Сзади его окликнули с гортанным степным акцентом. Итильдин повернулся и увидел молодого воина эссанти, который пялился на него с блудливой ухмылкой. Тот опять что-то сказал, вроде бы: «Развлечемся?» – и потянулся руками к эльфу. Он попятился, холодно глядя на воина, повернулся, чтобы уйти, и в этот момент жадная рука погладила его по заду. А в следующий момент Итильдин нанес варвару короткий удар в челюсть. Тот успел увернуться, так что кулак эльфа пришелся по касательной. Улыбка эссанти стала шире, глаза азартно заблестели, он кинулся на эльфа, подставил ему подножку, и оба полетели на землю. Хоть Итильдин не очень был искушен в рукопашном бое, он убедился, что ничуть не уступает эссанти по силе и ловкости. Того, впрочем, явно интересовала не драка, а кое-что другое, и он не упускал случая потискать эльфа и даже попытался его поцеловать. Не обращая внимания на заигрывания, Итильдин вывернул воину руку и отшвырнул его от себя. Со всех сторон раздались одобрительные возгласы – за несколько минут кругом собралась толпа зрителей. Упавший воин не спешил подняться. Наоборот, он развалился на земле, глядя на эльфа все так же блудливо, и бесстыдно развел колени.

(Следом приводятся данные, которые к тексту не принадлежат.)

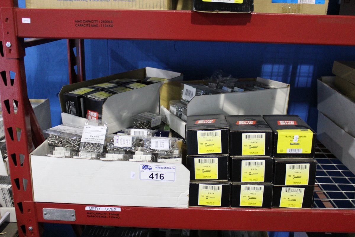 SHELF LOT OF NEW BOXED ASSORTED FASTENERS - LAG BOLTS/ SHEET METAL SCREWS ECT.

Голос Кинтаро раздался прямо над его ухом, и эльф дернулся от неожиданности.
– Хочешь его, куколка? Он не против под тебя лечь.
– Нет, – сказал Итильдин, тяжело дыша, и с усилием отвел глаза от своего противника.
– Пошли, умоешься, а то рыжий испугается.
Только сейчас Итильдин почувствовал, что из уголка его рта на подбородок стекает тонкая струйка крови.
Эльф молча шел вслед за вождем, опустив глаза. Он решительно не понимал, зачем он так опрометчиво ввязался в драку, ведь было очевидно, что воин ничем ему не угрожал. И разве он, бывший раб, подстилка, мог чувствовать себя оскорбленным, если ему предложили заняться сексом? Может быть, этот воин уже спал с ним. Эльф, конечно, помнил всех, кто с ним был, но они просто сливались в памяти – настолько были похожи их лица, запахи, сексуальные привычки.
У колодца Кинтаро отодвинул каменный круг, достал бурдюк с водой и дал эльфу умыться.
– Ну, и зачем ты его ударил?
Итильдин промолчал.
– Ты достаточно силен, чтобы справиться почти с любым из моих воинов. Ты это хотел узнать?
Эльф опять промолчал, делая вид, что его занимает исключительно процесс умывания.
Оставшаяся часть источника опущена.